Meditation continues to increase in popularity as more and more people discover its many physical and mental health benefits. While it might appear that meditation is no more than sitting on a cushion with your eyes closed, science is discovering that this centuries-old practice can actually create significant changes in the brain. So, what exactly is meditation, what benefits does it offer, and how do you get started? You’ve come to the right place—I’ll be answering all of those questions today.
What is meditation?
Meditation is a mind-body practice that’s intended to encourage a heightened state of awareness and focused attention. It’s been practiced in cultures all over the world for thousands of years in the name of religion, spirituality, well-being and health.

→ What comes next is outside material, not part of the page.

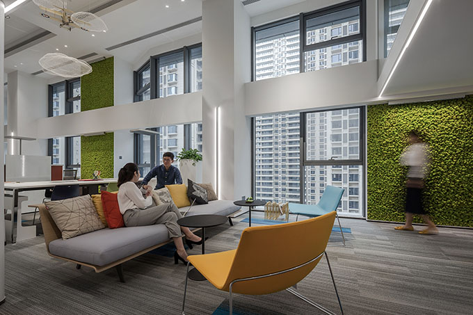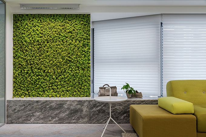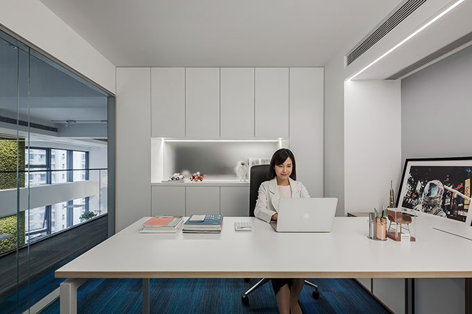 In the CEO’s office, the designers put a fish-scale-patterned carpet on the floor, with its streamlines interplaying with light strips, presenting a soft and relaxing tone. Besides, the green plant wall, combined with the sunlight that penetrates the Hunter Douglas louver, inject vigor and vitality into the space.

Many people think that meditation is about turning off thoughts or feelings. That’s actually not accurate at all. Rather, meditation is about training your awareness and learning to observe uncomfortable thoughts, emotions and sensations without reacting to or judging them.
What are the benefits of meditation?
As more research is conducted on the effects of meditation, more benefits are being discovered. Here are a few science-backed benefits that we’re currently aware of:
1. Improves attention span
Researchers have found that meditation helps to counter habituation—the tendency to stop paying attention to new information in our environment. Other studies have found that meditation can reduce mind-wandering and improve our ability to solve problems.
2. Increases resiliency to stress
Long-term meditators who practice on a consistent basis have been found to bounce back from stress and stressful situations much better than those who don’t. One study showed that mindfulness meditation dampens activity in our amygdala—the part of the brain responsible for triggering our fight-or-flight response. This causes us to be less reactive to stressors and to recover better from stress when we experience it.
3. Improves physical health
Practicing meditation has been shown to lessen the inflammatory response in people exposed to psychological stressors, particularly in long-term meditators. Another study showed that meditators have increased activity of telomerase, an enzyme connected to longer cell life (longevity). Some research also suggests that practicing meditation may reduce blood pressure, symptoms of irritable bowel syndrome, depression and insomnia.
4. Reduces anxiety
A meta-analysis including nearly 1,300 adults found that transcendental meditation may decrease anxiety. This effect was strongest in those with the highest levels of anxiety. Another study found that an eight-week meditation program helped reduce anxiety symptoms in people with Generalized Anxiety Disorder (GAD). In reducing your anxiety, your sleep, stress levels and mood are also likely to improve.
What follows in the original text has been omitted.